We always dread returning to “real life” after Christmas vacation. While it’s nice to slow down, enjoy the holidays, reflect on the spiritual value of Christmas, and spend time with family without all the demanding schedules… I realized this week that I was not made for Christmas vacation.
As the break from school and work came to an end, I found myself surrounded by a cloud of despair. I hadn’t felt that “blue” in a long time. Weeping at every turn, and literally fearing the days to come, I kept crying out to the Lord.
I can’t do it.
I can’t homeschool my children.
It’s too hard.
I can’t keep up with everything… the baby, the housework, the kids’ schedules.
Yet Monday came, whether or not I thought I was ready. God was certainly ready. He led me to have the kids do some independent school work on the first day, while I planned the month of January. Tuesday came and I had more energy and enthusiasm for school. God was carrying me along. Suddenly, it was Thursday and we were wrapping up the week. We took off to Knott’s Berry Farm on Friday to celebrate!
Funny thing is… I didn’t feel blue all week. The despair was gone.

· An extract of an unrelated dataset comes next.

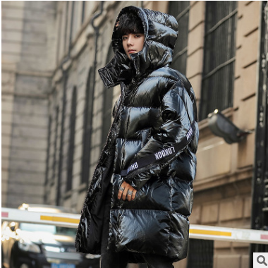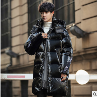 冬季時尚潮牌羽絨服男中長款帥氣連帽外套白鴨絨寬松加厚保暖外衣

What did I learn? I am made to live a life of purpose. A life where responsibilities, rewards, and even failure flow in a steady rhythm. Christmas vacation is not real life. While it’s full of joy and wonder and time to rest, it lacks the day-to-day framework that allows me to live out the calling of my life. Right now, I am called to teach my children and raise them up to be spiritual, loving, educated, responsible people. When I got back to the daily structure of carrying out my purpose, I felt so renewed. Purpose replaced the despair.
I am so grateful to be where I am. It is becoming more and more clear to me that I do not know what is best for me! However, God knows what I need in every way… and I will keep trusting Him to lead and plan out my life.